Building these pieces uses a technologically advanced process. MagnaFlow's computer-controlled benders consistently produce accurately bent pipes that fit well. The Tru-X pipe section uses the ball and socket joint at the manifold end. Since the tubing is made so well and the X-section is welded in place, it pops in. If you have stock exhaust manifolds, you'll revel at the ease of fitting the Tru-X up to Ford's studs. The only tools required to hang the X-shape crossover are a socket and long extension.

The mufflers go on next. With MagnaFlow's new, 5-inch diameter mufflers, there is a lot more room around the round units as opposed to the stock oval ones. The separate exhaust pipe sections between the X-shape crossover and mufflers go on last. With all pieces fitted, the MagnaFlow techs snugged the hardware, adjusted the hang and angle of the pipes, and then tightened the nuts and bolts. Jason checked the fit of the tailpipes and wanted the driver-side pipe adjusted.
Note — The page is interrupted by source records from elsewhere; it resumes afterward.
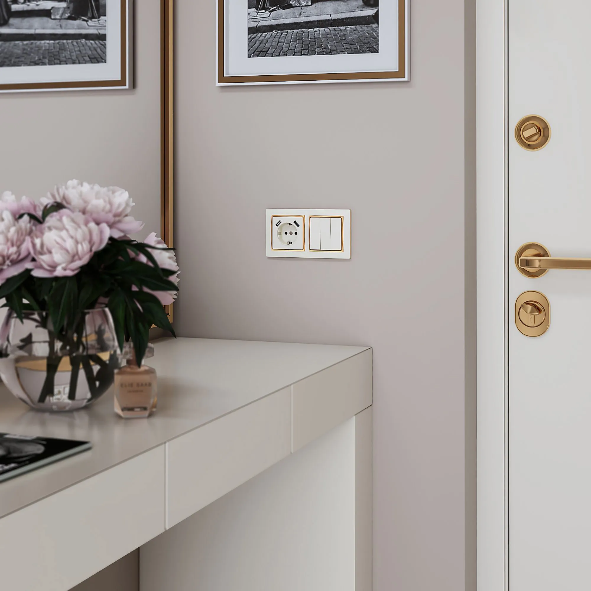 Рамка на 2 поста (слоновая кость/золото) W0021932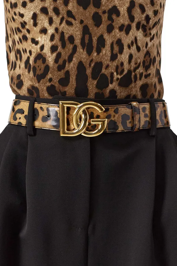 РЕМЕНЬ КОРИЧНЕВО-ЧЁРНЫЙ ЛАК, ПРИНТ ЛЕОПАРД, ЗОЛОТИСТАЯ ПРЯЖКА-ЛОГО, Ш=4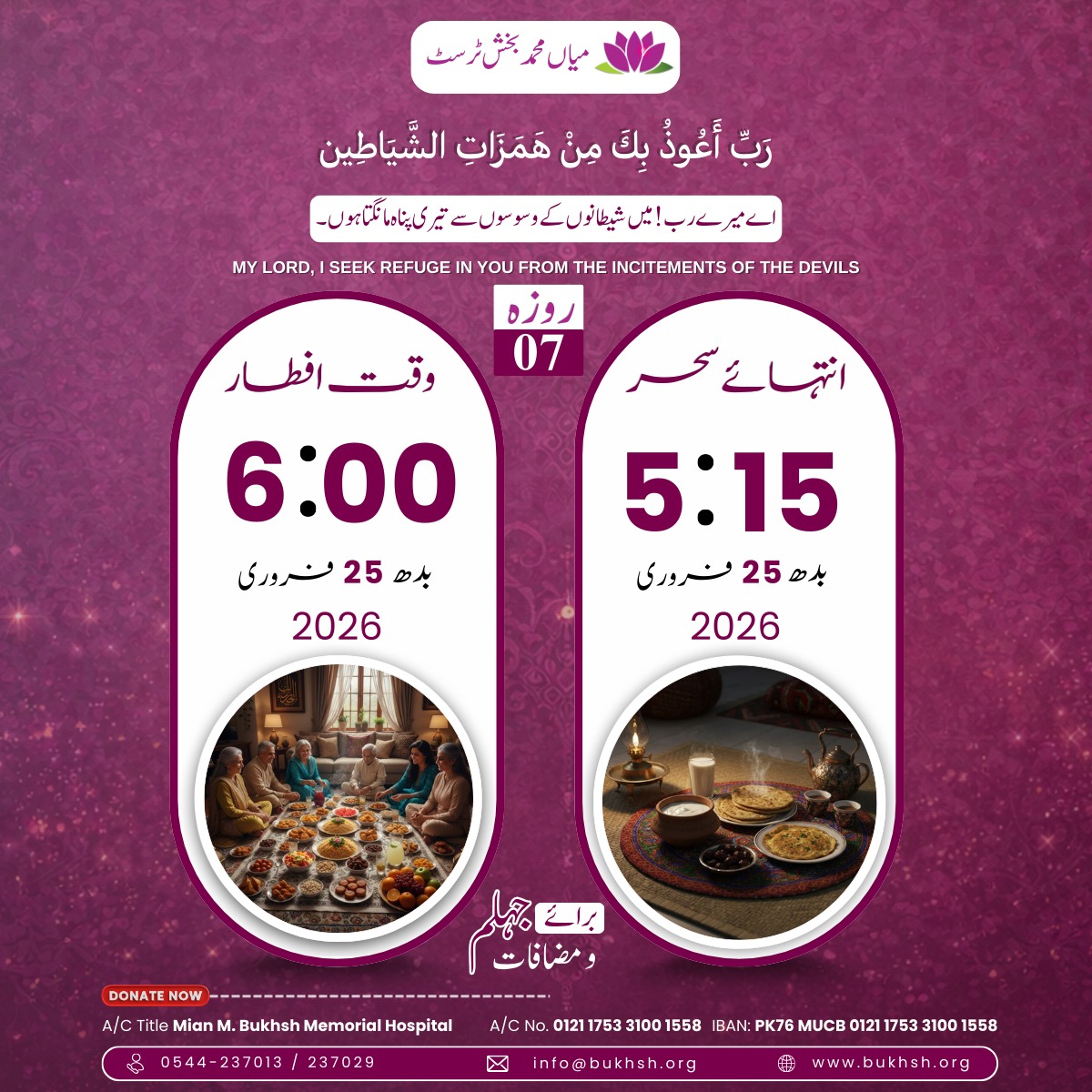 On 19 September 2021, a free camp for Dumb, Deaf and disabled children was organised by Mian Muhammad Bukhsh Trust (MMBT) Hospital at Kaluwal, Tehsil Dina, District Jhelum under the supervision of Prof. Dr. Abdul Rehman. Dr. Abdul Rehman examined 92 children.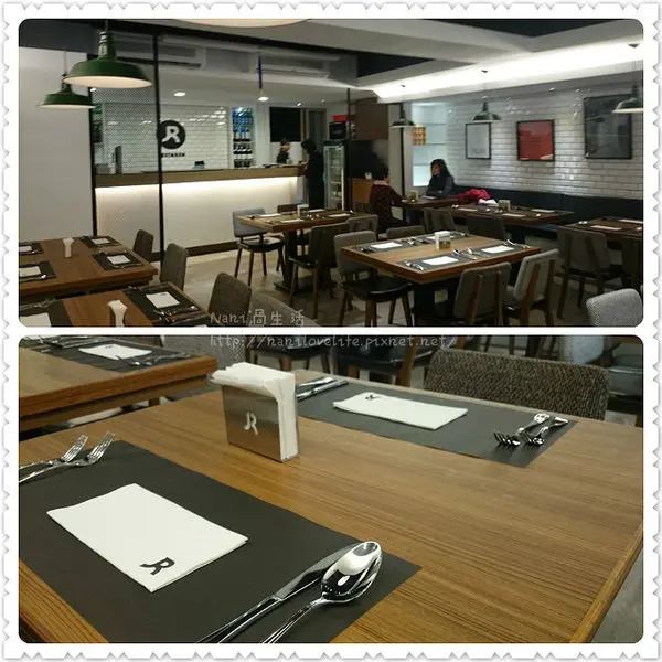 踏入店裡後迎面是寬敞的用餐環境,明亮卻不刺眼的光線,不會過度刻意的昏黃放鬆,又不感到壓迫感的光亮,在氣氛的拿捏洽到好處;擺設整齊的餐具及充滿代表餐廳的Logo「R」環繞在身邊,原因無它,因為是跑步及馬拉松促使這間店的產生,店名的Rest和Run皆是R開頭,這樣原因夠清楚了吧~說這裡是跑步餐廳一點也不為過!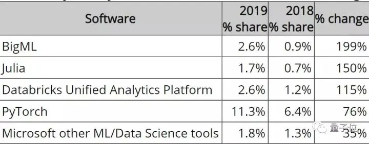 Python持续领跑;2019年有近半用户使用过深度学习工具;PyTorch增长速度是Tensorflow的13倍……

This was accomplished by loosening the hardware, making a bump adjustment, and retightening. Thanks to the "no crush" design of the clamps, the adjustments are easily done with no worries about leaks.

From the install bay, we went to the road for a quick couple of blasts. This confirms the exhaust is tightly installed and not hitting the body. It is also a good way to check the heating of the catalytic converters and initiate the emissions control process, which makes the engine management in the S197 calm down. The test gave us an earful of the system's sonic qualities. It was, as most MagnaFlow designs, quieter at stock than we thought it might be, but it did belt out the tunes in a mellow roar when the throttle opened. If you're looking for a throbbing, drum-banging, buckshot-shooting exhaust, the MagnaPack is not what you want; it sounds more like a tuned horn.

Then it was back on the dyno for the after tests. A quick glance at the results showed a 12 rwhp gain at the peak. A closer look showed the freer-breathing Mustang making power, but at 3,800 rpm. It dropped below the stock output's trace of 5,000 rpm. It lost considerable power from the midrange to almost the peak before spiking out the 12hp gain at the end.

Another look shows the air/fuel ratio was a full point richer during the after-runs than during the baselines. Considering the baseline runs were at the ideal mid- to high-12:1 range, that means there was a power loss. The after-runs were also "dirty," meaning the horsepower curve was not a smooth line, but a series of jagged sawtooths.

MagnaFlow's Tech Center boss Richard Waitas explained the cause of this. His read on it was that the larger exhaust was allowing sufficiently more airflow (coupled with the supercharger) to take the computer out of its "comfort zone." That happens when the airflow is beyond the look-up tables with which the computer is programmed. Knowing only that it is running too lean-but not how lean-the computer compensates by adding extra fuel, which causes it to run rich and pull out fuel. This causes the engine to run lean again, and you have a repeating cycle of rich and lean with a corresponding sawtooth pattern in the powerband.

Unfortunately, we had no way of tuning the system at that moment, so we had to conclude the test knowing the MagnaFlow exhaust parts increase the airflow, but it will take electronic tuning to make use of it. On that judgment, the 3-inch-diameter after-cat and Tru-X crossover pipe appear worthy additions to supercharged Three-Valve Mustangs.

Our final advice is to shop carefully for this system, as the pricing reflects the high-grade material and mandrel bends. We'd also suggest MagnaFlow's standard 211/42-inch after-cat as the proper choice for naturally aspirated late-model GTs. That'll save some money and offer a quieter and more pleasant street-driving experience.